Taubman invites community to help with exhibit teardown

(Copyright by WSLS - All rights reserved)

ROANOKE (WSLS 10)-- This weekend people in the Roanoke Valley are getting the chance to do something they've never done before, touch some of the art that's on display at the Taubman Museum of Art.

It's been several months since The Stir City exhibit went up and this weekend, the huge piece-- made up of more than 70,000 coffee stirrer sticks, is all coming down. The museum says it will be no small feat, so they're looking for help from people in the community.

The piece was created on site as the artist, Jonathan Brilliant, spent ten days at the museum weaving the sticks tightly together. The entire piece is held together on its own, without any glue or products to hold the sticks in place.

As visitors help with the deinstallation on Sunday, they're free to take the art home with them-- either in big portions still woven together or as individual coffee stirrer sticks they can use for something else.

Amy Moorefield, the Deputy Director of Exhibitions at the museum, says she's worked in the art world for more than 20 years and has never heard of anything like this.

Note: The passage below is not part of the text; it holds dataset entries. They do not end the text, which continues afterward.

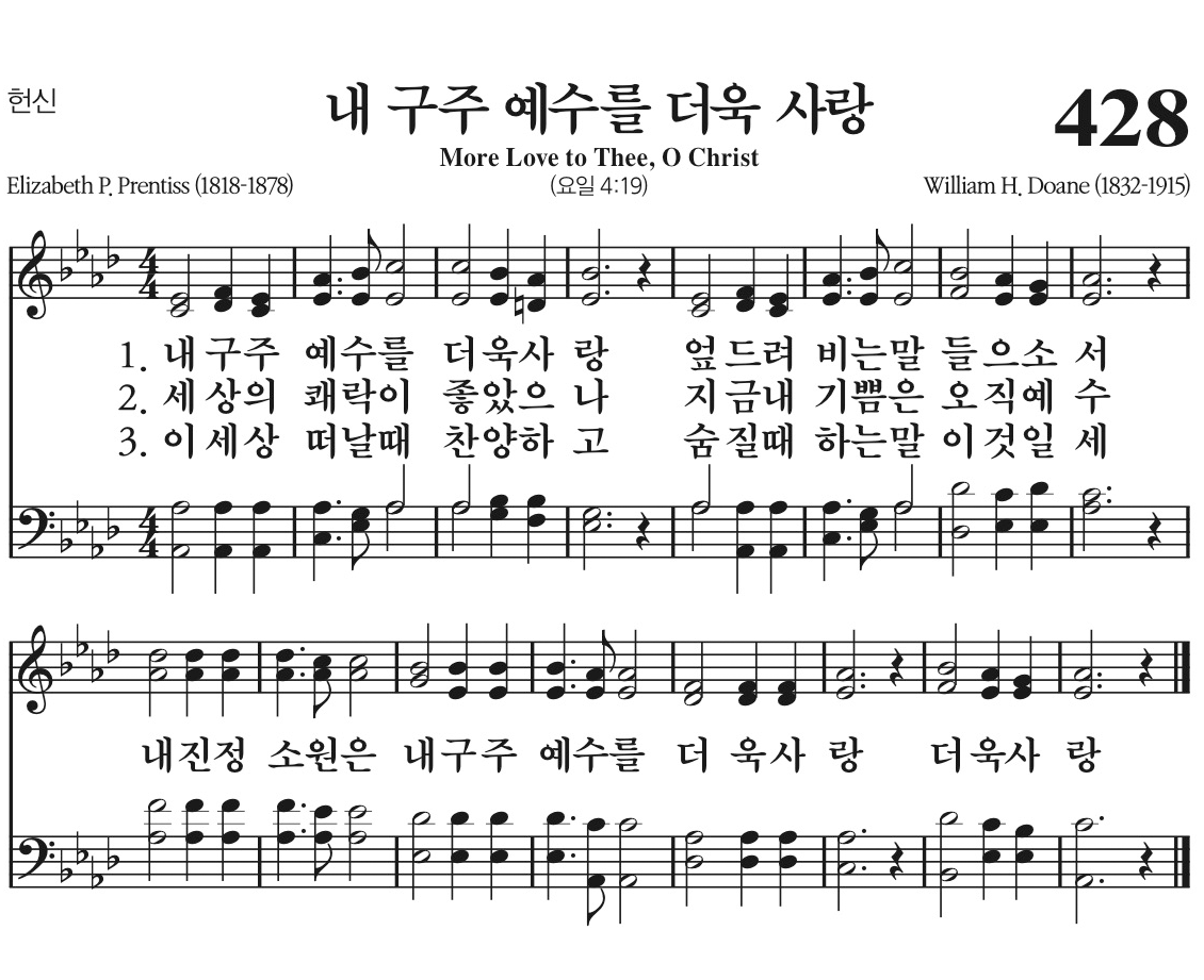 내 구주 예수를 더욱 사랑 엎드려 비는 말 들으소서
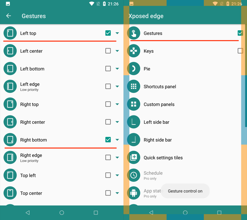 (左)左上和右下均已设置(右)手势本身也已检查
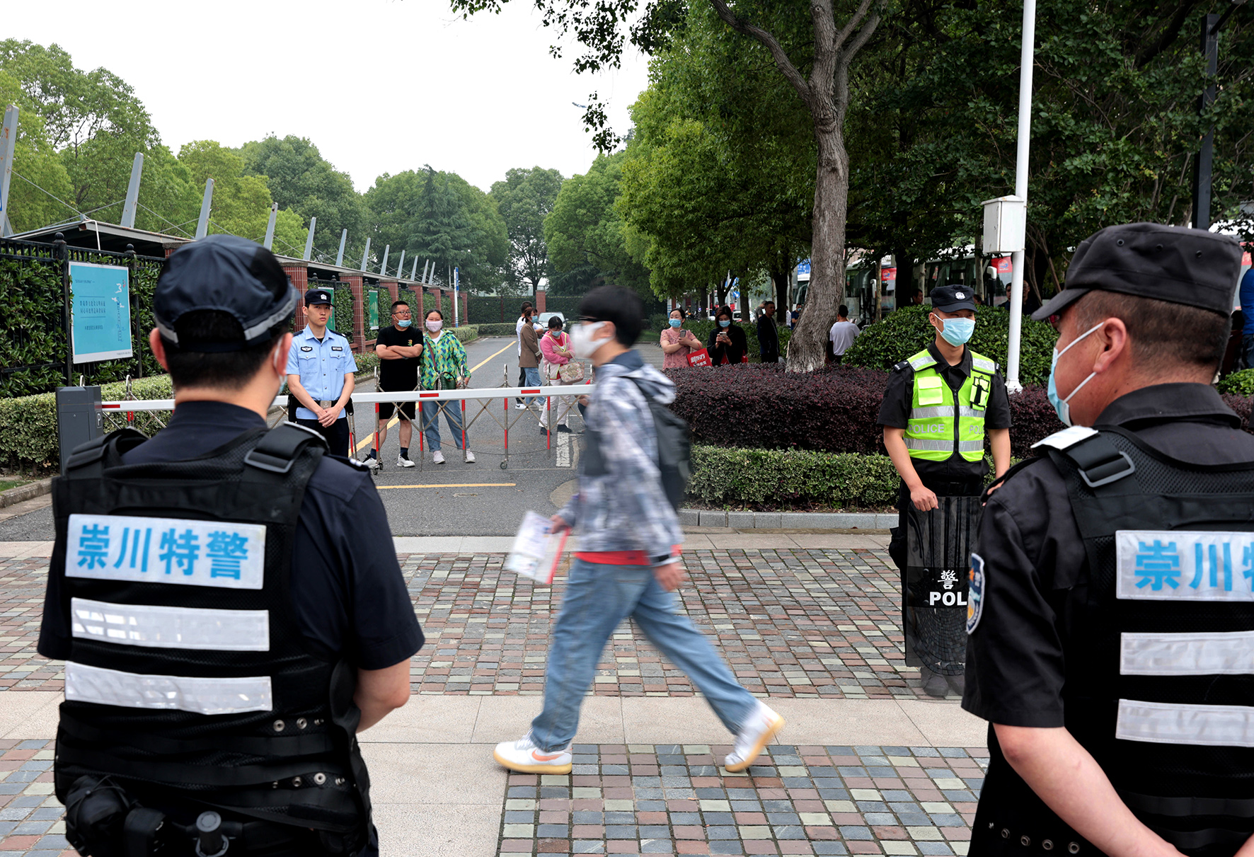6月7日,江蘇省南通市公安局巡特警隊(duì)員在南通大學(xué)附屬中學(xué)考點(diǎn)執(zhí)勤。
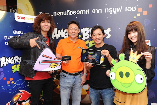 ทรูมูฟ เอช โดย นายสุภกิจ วรรธนะดิษฐ์ (ที่ 2 จากซ้าย) หัวหน้าคณะผู้บริหารด้านการพาณิชย์ ธุรกิจโมบายล์ บมจ. ทรู คอร์ปอเรชั่น ร่วมกับ โรวิโอ โดย นายบิเจย์ กุรัง (ที่ 2 จากขวา) ผู้อำนวยการฝ่ายบริหารธุรกิจลูกค้า (Key Account Director) บริษัท โรวิโอ เอ็นเตอร์เทนเมนต์ ผู้ให้บริการด้านสื่อบันเทิงที่อยู่เบื้องหลังเกม Angry Birds สุดยอดเกมฮิตอันดับ 1 ทั่วโลก ประกาศความร่วมมืออย่างเป็นทางการในไทย เปิดตัว Angry Birds Space โดยมีศิลปิน AF7 น้ำแข็ง และนัตตี้ ร่วมเปิดตัวเกมใหม่ล่าสุด ชวนลูกค้าทรูมูฟ เอช โหลดเกมเร็วกว่าบนเครือข่าย 3G+ ด้วยความเร็วสูงสุด 42 Mbps* ใช้ได้จริงวันนี้ ครอบคลุมครบ 77 จังหวัด 843 อำเภอ 5,158 ตำบล ลูกค้าทรูมูฟ เอช ดาวน์โหลด Angry Birds Space ได้แล้ววันนี้ ผ่าน App Store สำหรับ iOS, Google Play สำหรับระบบปฏิบัติการ Android เพียงค้นหาคำว่า “Angry Birds Space” หรือดาวน์โหลดที่ space.angrybirds.com
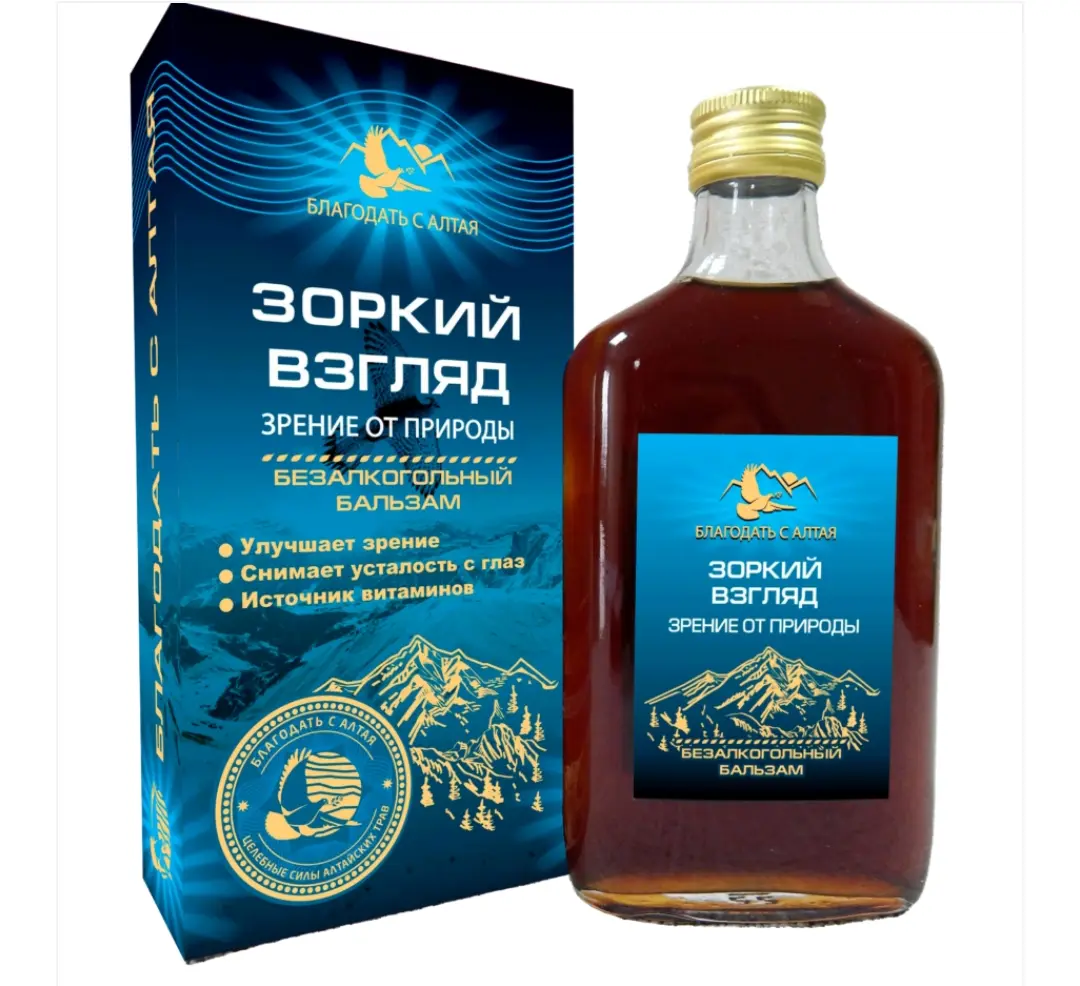 🦋Бальзам безалкогольный «Зоркий взгляд» (Зрение от природы) 💕Бальзам способствует уменьшению усталости глаз, улучшает зрение, ускоряет обновление сетчатки глаз, помогает в профилактике глазных заболеваний, восполняет дефицит витаминов. ✨Черника – богата витаминами A, C, PP и витаминами группы B, уменьшает усталость глаз, ускоряет обновление сетчатки глаз. ✨Очанка – улучшает кровоснабжение мозга, снижает внутреннее давление, улучшает зрение. ✨Корневище пырея – применяют при снижении зрения. 💎Рекомендации по применению: употреблять по 1- 2 столовой ложке (15 мл) с чаем, соками, минеральной водой, молоком и другими напитками 3 раза в день во время еды. Продолжительность приема 1 месяц. Перед употреблением взбалтывать. 🔔Состав: плоды шиповника, плоды черники, трава очанки, цвет ромашки, лист малины, плоды черемухи, лист крапивы, корневища пырея, лист земляники, трава чабреца, вода очищенная, сахар-песок, мёд натуральный цветочный, плоды черноплодной рябины, кислота лимонная.
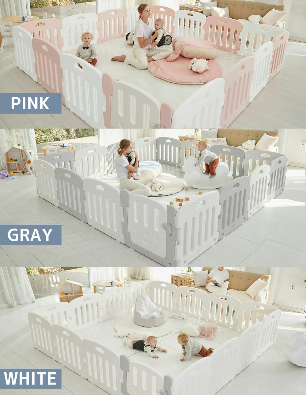 ベビーサークルは3色、プレイマットは2色からお選びいただけます。
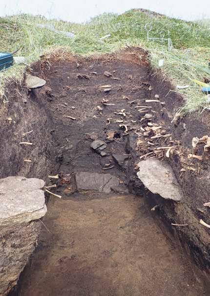 De arkæologiske lokaliteter rummer typisk både synlige og usynlige levn, som er lige vigtige for at forstå fortiden. Her ses en udgravning ved Arajutsisut, hvor arkæologerne har gravet ned gennem en køkkenmødding foran et tørvehus. Foto: Henning Matthiesen.
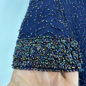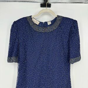 Vintage Laurence Kazar Silk All Over Beaded Mini Dress Size L Navy Cocktail
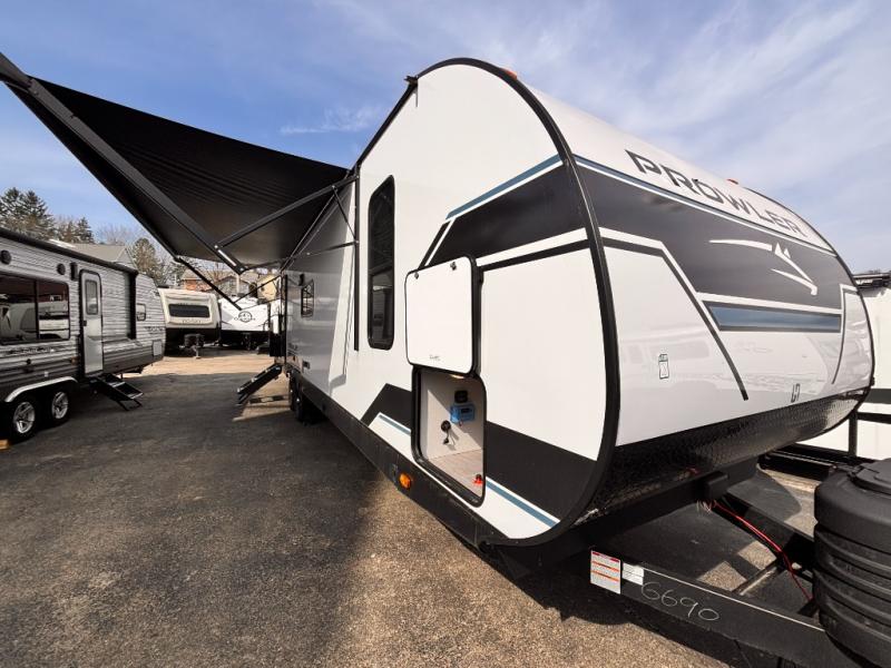 Get ready for comfortable and easy camping with the Prowler travel trailers by Heartland. These models feature durable construction with a performastructure aluminum front wall, a cambered structural steel I-beam frame, and a fully walkable roof. The MEGA bright pass-through storage features 52 cu. ft. of exterior storage with mega sized access doors, LED lights, and a finished interior to keep your gear secure. You'll fall in love with the at-home kitchen the includes Duralast countertops, a residential refrigerator, plus a stainless steel double bowl undermount sink for easy clean-up. These travel trailers also feature panoramic windows, an EZ clean interior, USB charging ports throughout, and many more comforts! Don't let the Prowler travel trailers slip away. Don't let the Prowler travel trailers slip away. Choose your favorite floorplan today!
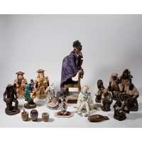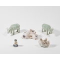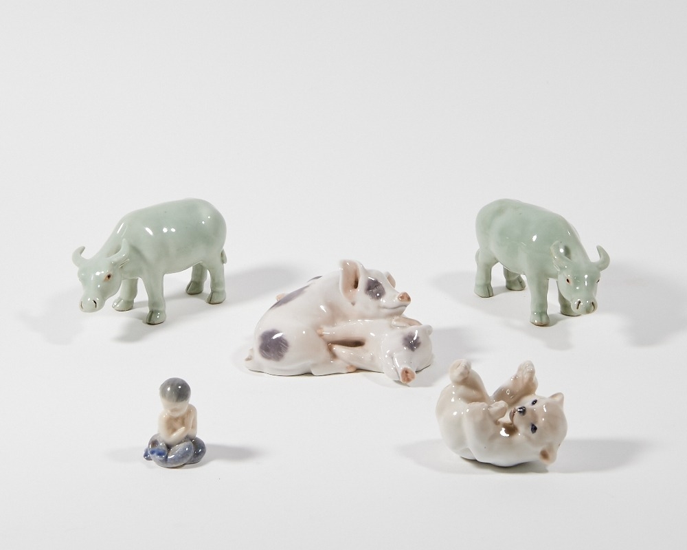 A group of ceramic figurines, 20th century, comprising: three small Royal Copenhagen figures including two pigs, no. 683, 6cm high, a polar bear cub, no. 1124, 6cm high, and a mermaid, no. 2313, 4cm high, together with two Chinese celadon water buffalo, modelled standing foursquare with heads slightly turned, each 6.6cm high (5)
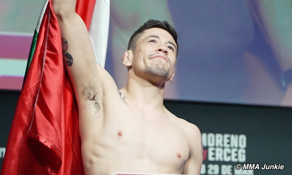 Moreno (23-8-2 MMA, 11-4-2 UFC), bývalý šampión mušej váhy, sa túto sobotu postaví proti najlepšiemu uchádzačovi Tatsuro Taira (17-1 MMA, 7-1 UFC) na turnaji UFC 323 (pay-per-view, ESPN2/FX/Disney+, ESPN+), ktorý sa koná v T-Mobile Arena v Las Vegas. Ak by mexická hviezda zdvihla ruku, ťahal by sériu troch víťazných zápasov a 3:1 od straty opasku s Alexandrom Pantojom, ktorý obhajuje remeň v hlavnom zápase UFC 323 proti Joshuovi Vanovi.
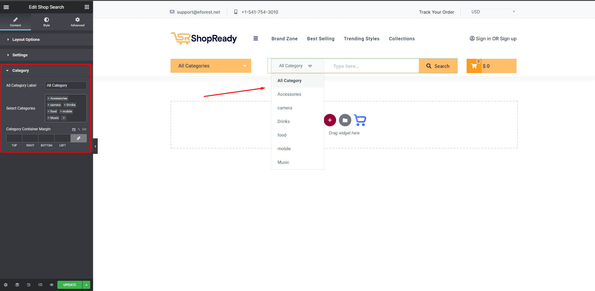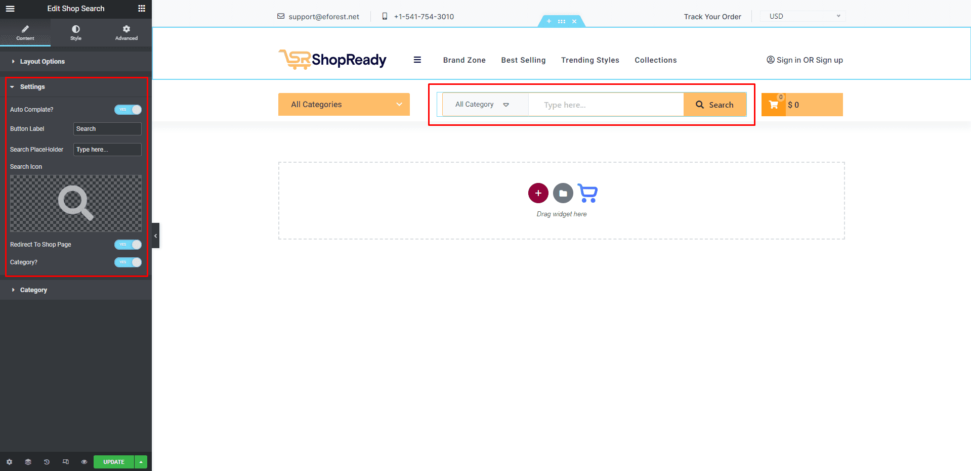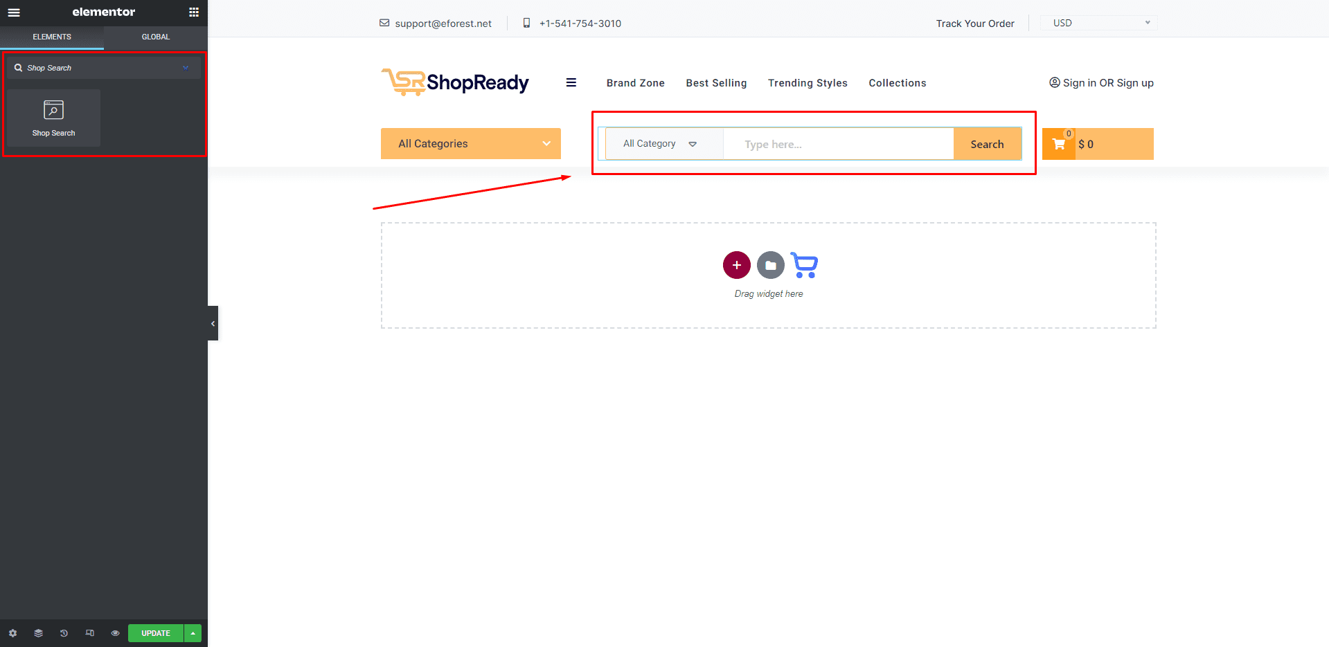 From the left-hand side, search for the ShopReady Search Shop widget. And drop it in the header section.
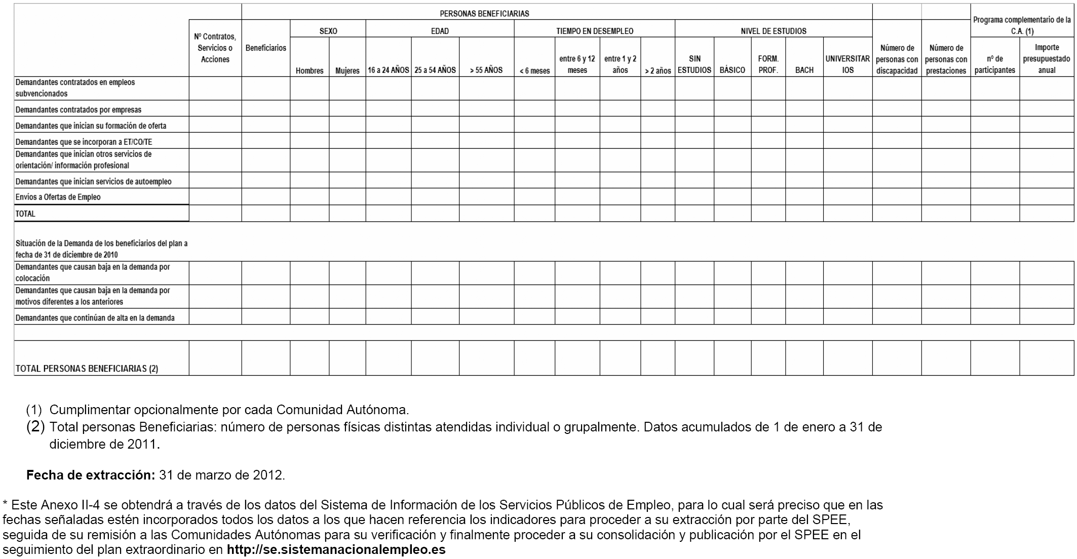 En concreto en el anexo II-2, se incorpora en el presente ejercicio la necesidad de informar sobre el número de personas atendidas incluidas en los diferentes colectivos que son objeto de especial atención de acuerdo a lo establecido en los artículos 2.6 y 3.3 del Real Decreto-ley 1/2011, de 11 de febrero, de medidas urgentes para promover la transición al empleo estable y la recualificación profesional de las personas desempleadas. Todo ello sin perjuicio de lo que se establezca en el protocolo de coordinación mencionado en el artículo 3.2 del mencionado Real Decreto-ley.
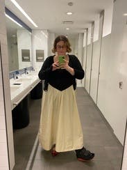 And/or a fuller skirt. Fun to wear, did check the Disney pauper to princess vibe. Paired with jean jacket and sneaks to make it work for a casual night.
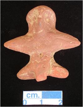 | Description / विवरण | An archaic human terracotta figurine with round head , red in colour, punched eyes, pinched nose and mouth, short out stretched pointed arms, pin hole navel, short wide bridged stumpy legs, phallus indicated, handmade. |
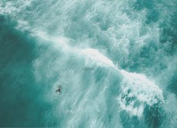 一个极限运动爱好者在波涛汹涌的海面上冲浪享受着极限的快感
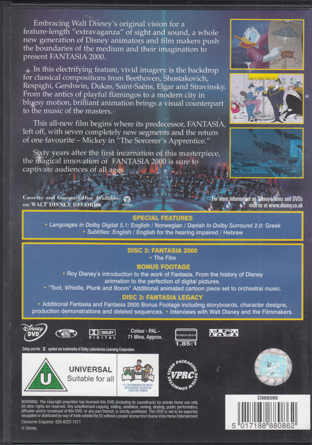 Walt Disney: Fantasia 2000. DVD in Inglese Ologramma tondo

"It's a huge no-no in terms of the art community," she says. "We've all been taught not to touch. So this is a unique and rare opportunity for people to really get their hands in it and take it apart and take the work home with them."

The Stir City project is made up of 70,000 wooden coffee stirrer sticks, 500 coffee sleeves and the walls are decorated with espresso grounds, giving the room a coffee house smell as well. It's a piece he says he want's to stay in the Roanoke community, even after its time on display is over.

"This piece has been created specifically for our community," says Moorefield. "It's unique to the space and unique to the museum, it will never exist anywhere else. For him, it's important to have people lay hands on it at the end and be able to take a piece of it home as a reminder."

Any of the sticks left over at the end of the day on Sunday will be put to good use-- they'll be used in the kid's gallery at the Taubman and donated to local schools.

The deinstallation will happen on Sunday from noon to 5 p.m. Anyone is invited to attend.